The configuration for DataCleaner is represented in the class DataCleanerConfiguration (previously 'AnalyzerBeansConfiguration'). You need a DataCleanerConfiguration as a prerequisite for most of the coming operations.
The easiest and probably most convenient option for acquiring an DataCleanerConfiguration instance is to load it from a file, typically named conf.xml (See the Configuration file chapter for more details on this file format). To load the file, use the JaxbConfigurationReader class, like this:
InputStream inputStream = new FileInputStream("conf.xml"); JaxbConfigurationReader configurationReader = new JaxbConfigurationReader(); DataCleanerConfiguration configuration = configurationReader.read(inputStream);
Alternatively, you can build the configuration programmatically, through code. This is typically more cumbersome, but in some cases also quite useful if the configuration is to be build dynamically or something like that.

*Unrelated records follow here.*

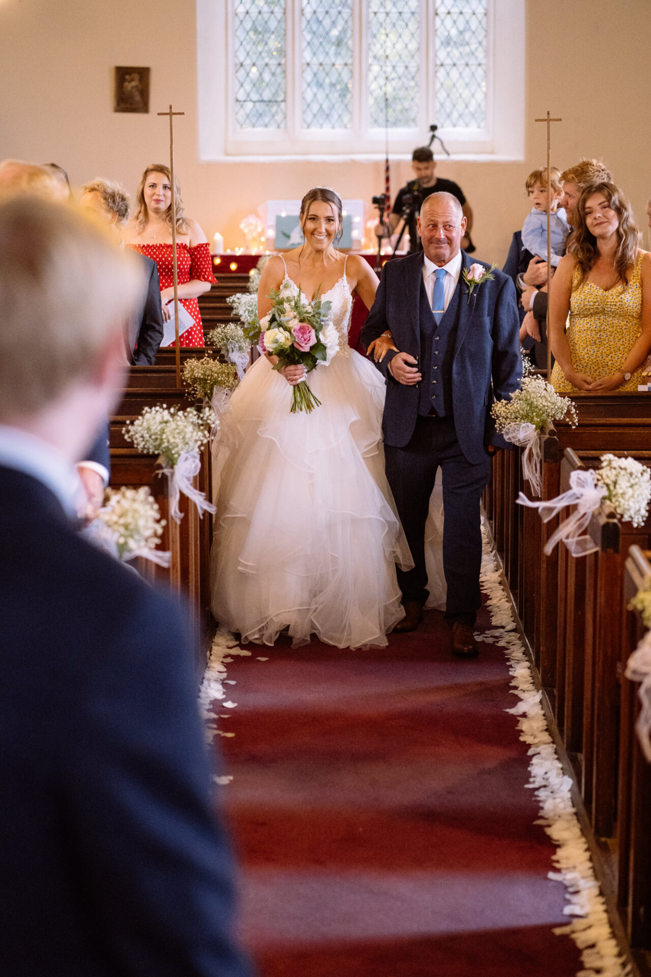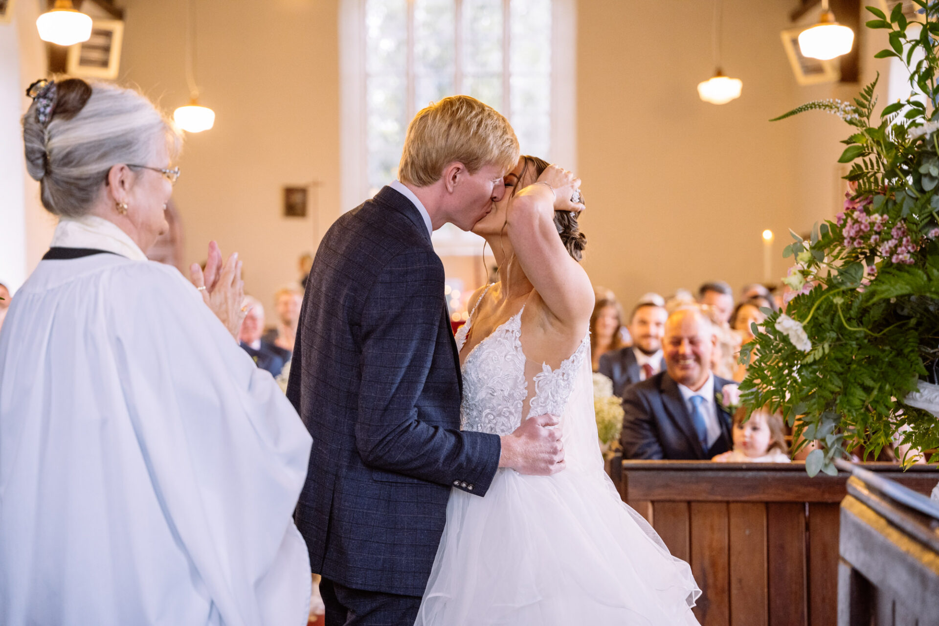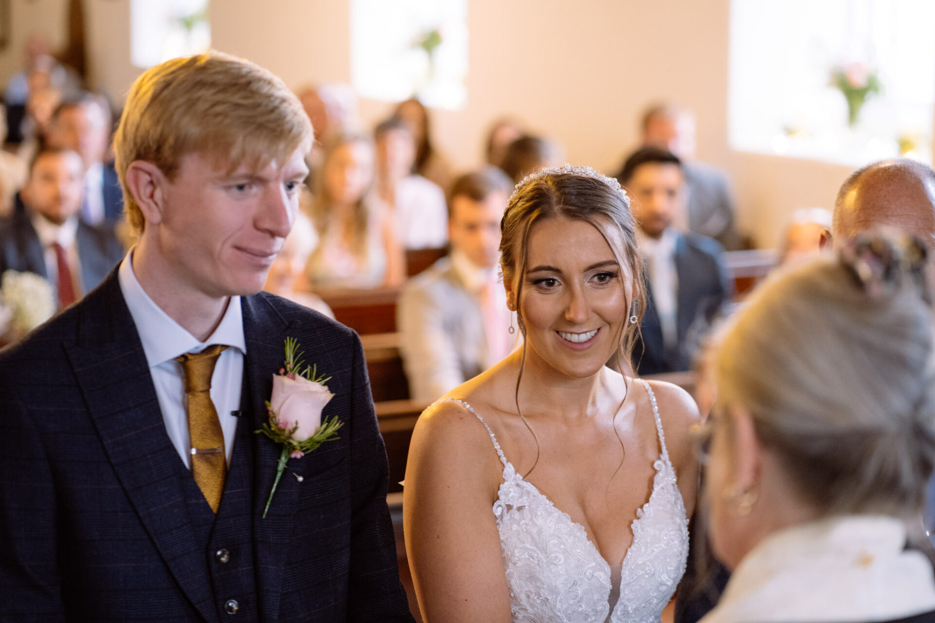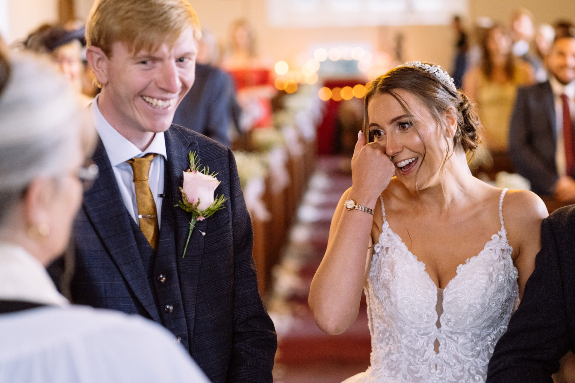 Natasha and James’ wedding service took place at Mount Hawke Church close to Cornwall’s North Coast. The church and it’s vicar are highly agreeable to wedding photographers. The bright, well lit church has big windows allowing lots of natural light. In addition, there are also the house lights giving extra illumination. Then there’s the Vicar herself*, who I found to be a lovely human! Whilst waiting for Natasha to arrive, we shared and few jokes and helped put James at his ease. All in all, I hope to return to photograph many a wedding here!
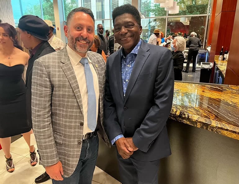 May 17, 2022 Pictured at the Blues Hall of Fame induction ceremony are Gerald McClendon and BMI’s Jeff Syracuse.
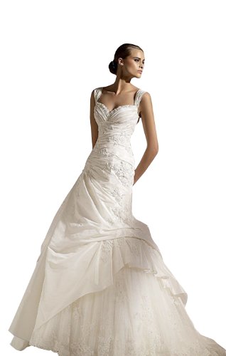 Wedding Dress Silhouette: A-Line/Princess Neckline: Sweetheart Hemline/Train: Court Train Sleeve Style: Regular Straps Embellishment: Draped/Applique Back Details: Covered Button Fully lined: Yes Built-In Bra: Yes Fabric: Taffeta Shown Color: Ivory Wedding Venues: Church/Hall Season: Spring/Summer/Fall/Winter
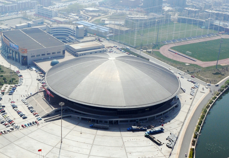 天津市體育中心主館,建筑面積29754 m2,造型為飛蝶狀的圓型建筑,高35m,直徑為135m,為全現澆砼框架結構,屋面為雙層球冠網殼。該館設有固定座席7000個,活動座席2000個,內設200m室內田徑場,可提供室內田徑和高臺體操、藍球等30多項比賽和訓練。是目前亞洲最大的綜合體育館。天津市體育中心主館為舉世矚目的第四十三屆世乒賽的重點建設項目。1992年10 月 28日開工,1994年10月15日竣工。
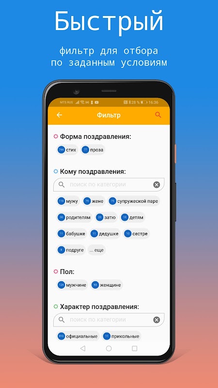 W aplikacji Gratulacje! robi się to bardzo prosto - wpisz słowo lub jego część, której potrzebujesz („mama”, „kwiaty”, „miłość”, „pokój”, „szczęście”, „rybak”, „syn” itp.) i od tysięcy gratulacji w dniu narodzin widzisz tylko te, których szukałeś.
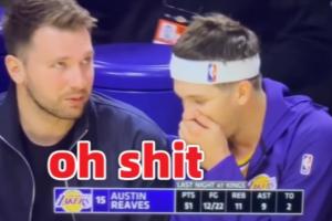 东契奇向里夫斯展示扭伤的手指 里夫斯不敢相信脱口而出Oh Shit!
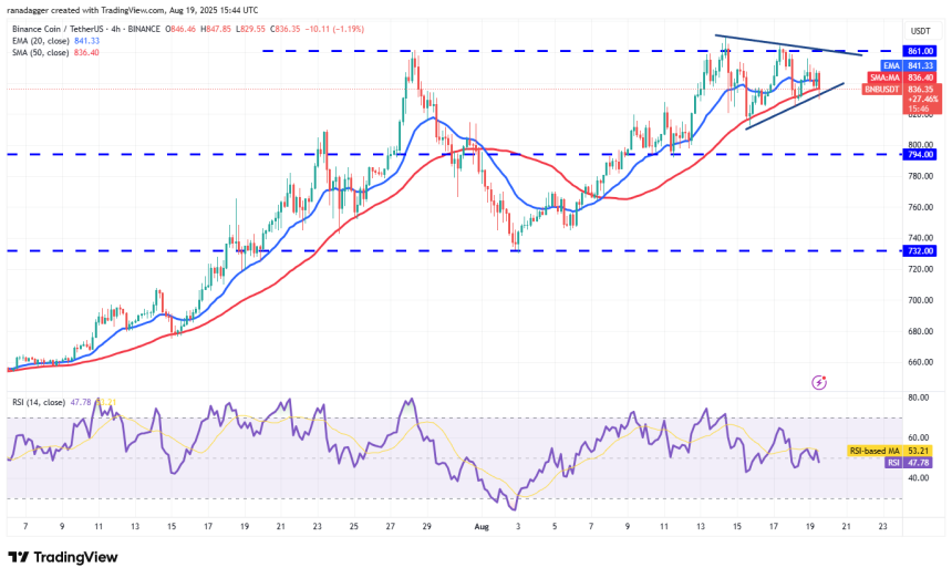 BNB (BNB) is facing resistance in the $861 to $869 zone, but a positive sign is that the bulls have not ceded much ground to the bears.

Here's an example where we configure DataCleaner with 2 example datastores and a threadpool of 10 threads:
Datastore datastore1 = new CsvDatastore("my CSV file", "some_data.csv"); boolean multipleConnections = true Datastore datastore2 = new JdbcDatastore("my database", "jdbc:vendor://localhost/database", "com.database.Driver", "username", "password", multipleConnections); DataCleanerConfigurationImpl configuration = new DataCleanerConfigurationImpl(); configuration = configuration.replace(new MultiThreadedTaskRunner(10)); configuration = configuration.replace(new DatastoreCatalogImpl(datastore1, datastore2));
Either way we do it, we now have an DataCleanerConfiguration with the variable name 'configuration'. Then we can proceed to defining the job to run.